Characteristics of a system:
Organization:
It implies structure and order. It is the arrangement of components that helps to achieve objectives.
Interaction:
It refers to the manner in which each component functions with other components of the system.
Interdependence:
It means that parts of the organization or computer system depend on one another. They are coordinated and linked together according to a plan. One subsystem depends on the output of another subsystem for proper functioning.
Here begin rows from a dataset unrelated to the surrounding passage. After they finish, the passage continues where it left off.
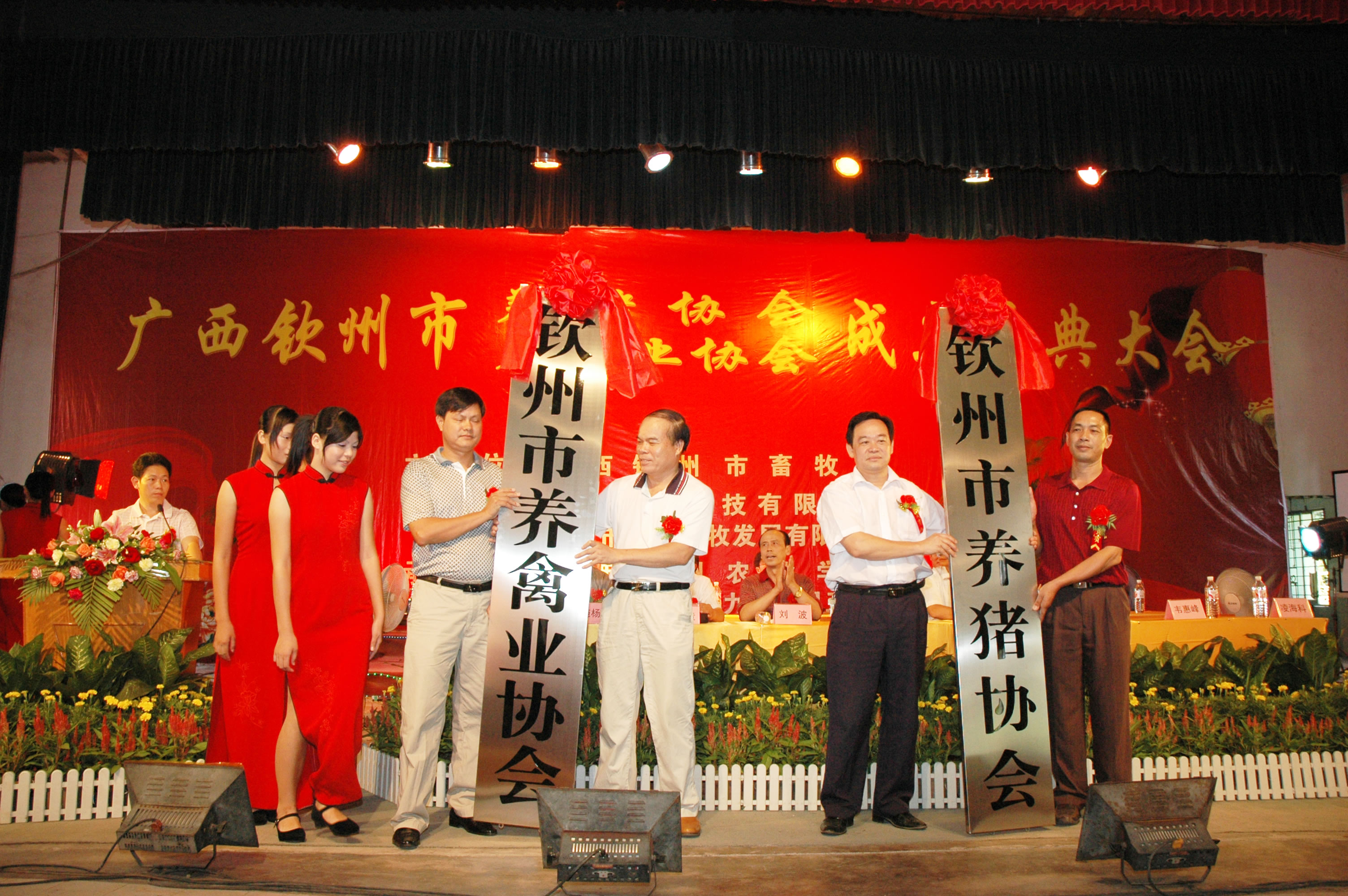 九时许,广西钦州市养猪协会、养禽业协会成立大会在该校的在大礼堂开幕。出席庆典仪式的有钦州市水产畜牧兽医局局长林志勇、广西区畜牧兽医学会养猪学分会理事长何若钢、广西大学教授陆芹章、钦州市民政局副局长施扬新、广西钦州农业学校校长刘波和灵山县、浦北县、钦南区、钦北区水产畜牧兽医局的领导等领导专家、协会会员代表、专家和老板等300多人参加成立大会。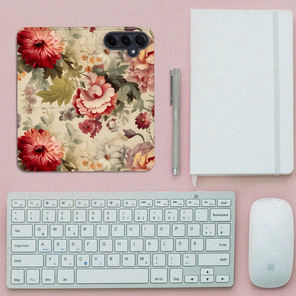 Samsung Galaxy A55 Hoesje Beige Flowers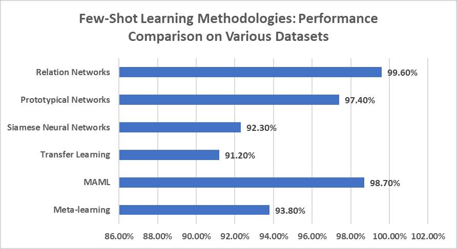 For few-shot learning, graph neural networks (GNNs) and memory-augmented neural networks (MANNs) look like good options. They created a GNN-based few-shot learning model that did better than a normal network, which only got it right 62.5% of the time on the Mini-ImageNet dataset, with a 5-way 1-shot accuracy of 66.4% [29]. It did better than a matching network, which only got it right 60.5% of the time, on the Mini-ImageNet dataset that Munkhdalai et al. used to make their model [30]. It hit 67.2% of the time on a 5-way 1-shot. Another interesting direction for few-shot learning is metareinforcementlearning.AmethodbyHumpliketal.calledmeta-reinforcementlearninghada5-way1-shotaccuracyof63.1% ontheMini-ImageNetdataset.ThiswasbetterthanamethodcalledMAML,whichhadanaccuracyof48.7%[31].

Integration: It refers to the holism of systems. It is concerned with how a system is tied together.
Central Objective:
A system should have a central objective. Objectives may be real or stated. Although a stated objective may be the real objective, it is not uncommon for an organization to state one objective and operate to achieve another. The important point is that users must know the central objective of a computer application early in the analysis for a successful design and conversion.
Difference Between structured systems and object oriented systems:
Methodology:
Structured: SDLC
Object Oriented: Iterative/Incremental
Focus:
Structured: Process
Object Oriented: Object
Risk:
Structured: High
Object Oriented: Low
Reuse:
Structured: Low
Object Oriented: High
Maturity:
Structured: Mature and Widespread
Object Oriented: Emeraging
Suitable For
Structured: Well-defind projects with stable user requirement
Object Oriented: risky large projects with changing user requirement
Analysis:
Structured: Structuring Requirements: - DFD's - Structure English - Decision Table/Tree - ER Analysis Object Oriented: Requirement Engineering 1. Use Case Model - Use Case Diagram - Flow Diagram - Activity Diagram 2.Object Model - Find Classes and Class Relationship
- State Diagram, Sequence Diagram - Collaboration DiagramDesign:
Structured: DB design (DB normalization) GUI Design (forms & reports)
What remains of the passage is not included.